There were no trips on Saturdays. The butcher’s shop remained open all day; didn’t close until nearly nine, sometimes. There were always women who left it until the
last moment to buy in their Sunday lunch – probably their men didn’t get paid until they finished work on Saturday afternoon and stayed in the pub until they reeled home fit only for
bed. The Gallowgate was a poor working class area, with a diversity of employment for the unskilled – in the shipyards, the railway and the quarries, delivering coal and other commodities by
cart. There were, too, some jobs in the comb works, glove factory, paper mills and Grandholm Mill, where they made Crombie cloth and tweed.

In the 1920s and ’30s, of course, even those who had served their time and were qualified tradesmen found themselves unemployed, having to sign on for money from the ‘Dole’
(‘the burroo’ in local terms) or the Labour Exchange to give it its proper title. For some, that was a disgrace, as, even more so, was applying to the parish for help. It was a time for
Soup Kitchens, and although I only know of the one in Loch Street, which was still going into the sixties, there may have been others.

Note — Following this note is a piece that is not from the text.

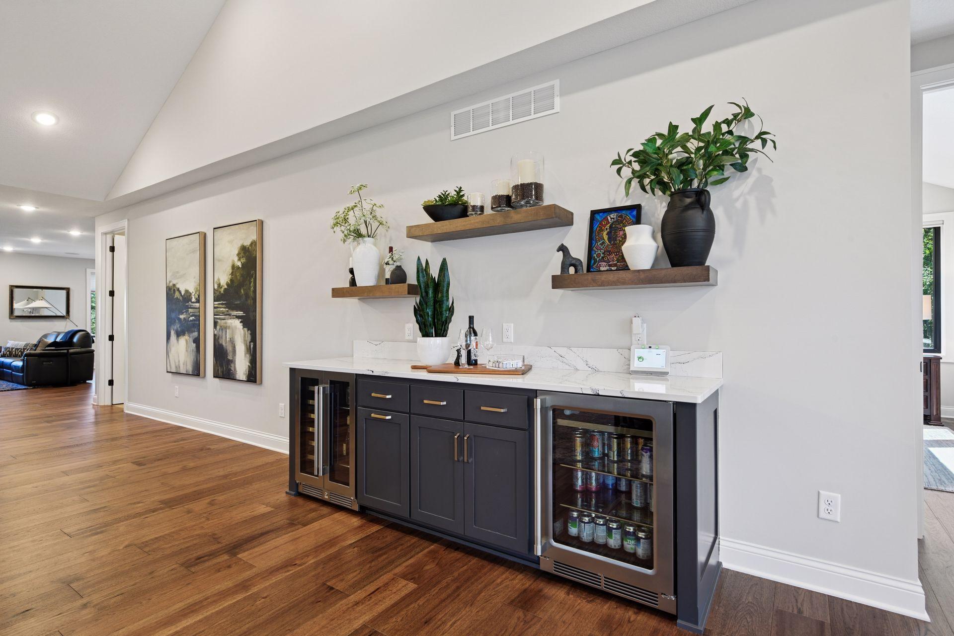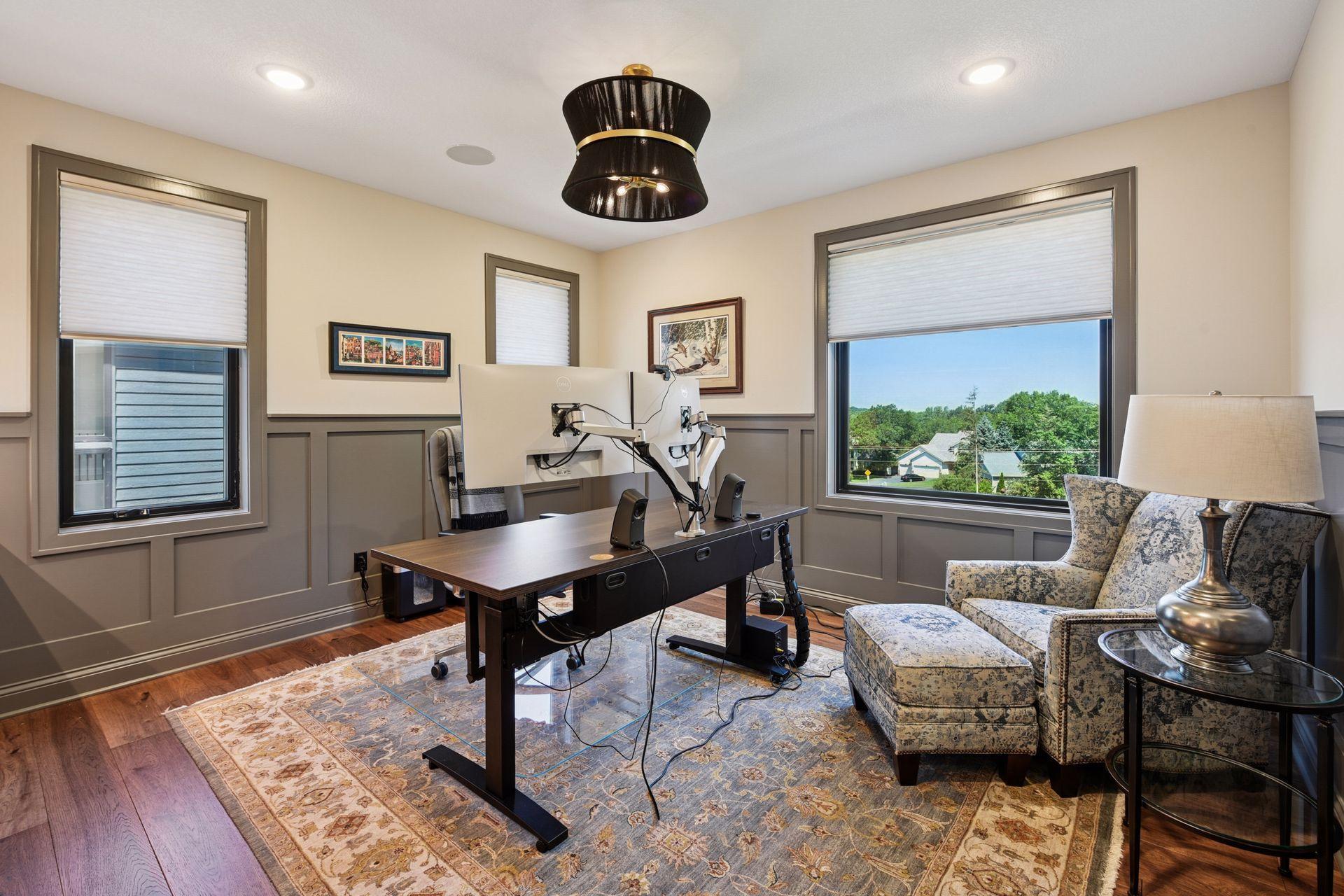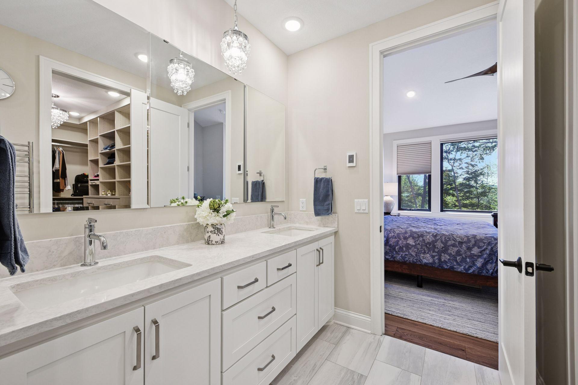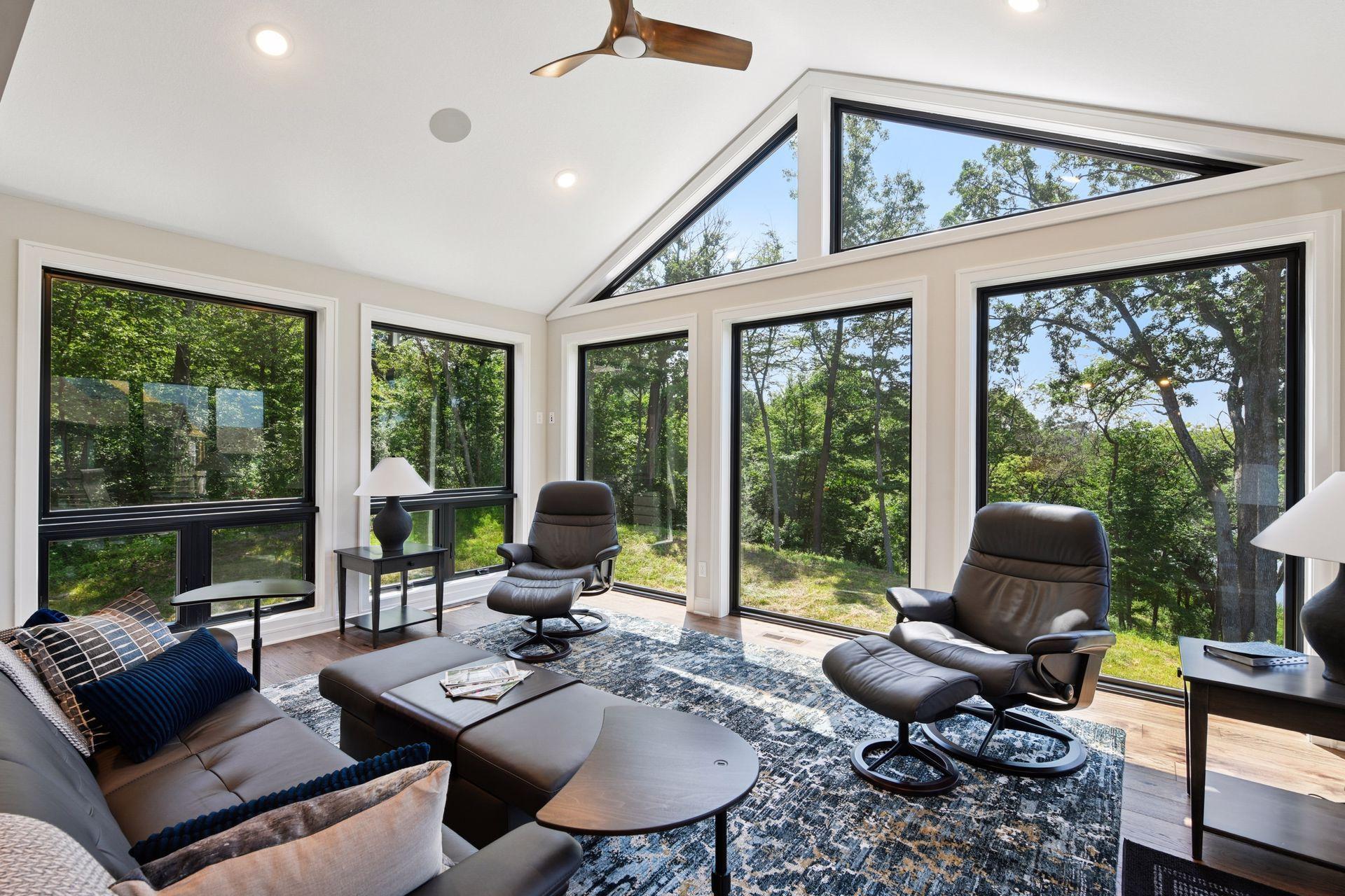 Welcome to Lakeside Living at Linden Cove! Experience effortless luxury in this stunning lakeside home, designed to impress from the moment you arrive. Step inside via a private elevator and be greeted by an abundance of natural light flowing through the open-concept main living area—perfect for entertaining or everyday relaxation. The gourmet kitchen is a chef’s dream, featuring top-tier appliances such as the Sub-Zero refrigerator and Wolf range, a generous walk-in pantry, and an expansive center island with ample storage and bar seating. Just beyond, the sunroom boasts floor-to-ceiling windows that frame breathtaking views of the lake, while the inviting living room, complete with a cozy fireplace, is ideal for unwinding year-round. Retreat to the elegant primary suite, highlighted by vaulted ceilings, a spacious walk-in closet with custom built-ins, and a spa-inspired en-suite bath. Need a quiet workspace or extra guest room? The home office offers built-in storage and flexible functionality. The lower level is designed for fun, featuring a large rec/game room perfect for gatherings. Step outside to enjoy serene lake views from your private patio or deck. Explore nature along the scenic trails of Murphy-Hanrehan Park Reserve, or take advantage of community amenities including a clubhouse and dock—perfect for your lakeside lifestyle.

The two universities – Marischal College and King’s College – were only for those whose parents could afford to keep them there, but for some of those fortunate enough to be
given that chance, there was no post open for them when they graduated, which is why so many left their home town and looked further afield – England, of course, and the Dominions.

But that is by the by. None of the Forsyths attended a university. Only the very rich attained that height. Clever boys from poorer homes stood no chance unless someone took an interest in them
– a teacher or minister, perhaps, or a father’s boss – and financed them to a certain extent.

*

The year before I started school, Dad rented a big wooden shed at the side of a lovely granite house outside Kintore. It wasn’t more than ten miles from Aberdeen, but it
was like we were in another land, another era. The house belonged to two elderly sisters, the Misses Taylor, who looked after their brother Joe. He had been gassed in the war, the Great War, that
is. World War II was in the far distant future.

Joe did all the dirty jobs about the place, cleaning out the hen runs, doing what had to be done to the dry privy, making sure the midden didn’t spill over, as well as growing loads of
vegetables – tatties, carrots, neeps, leeks, shallots, peas and broad beans. He also looked after the rambling strawberry plants, the raspberry canes, the gooseberry and blackcurrant bushes,
so that his sisters could make hundreds of jars of jam for the winter. He loved jam, did Joe, and was often to be seen with a jam sandwich, what we called a doorstep, the slices of bread were so
thick. There were no sliced loaves then. A loaf was bought, often still warm from the bakehouse, and wrapped in tissue paper to be carried home.

The sisters kept the front garden looking beautiful with all kinds of flowers – peonies, red hot pokers, rambler roses, pansies, hollyhocks, antirrhinums, nasturtiums – a mass of
strong colours, and honeysuckle round the glazed front door, so that the evening air held a lovely perfume, helped by the night-scented stock.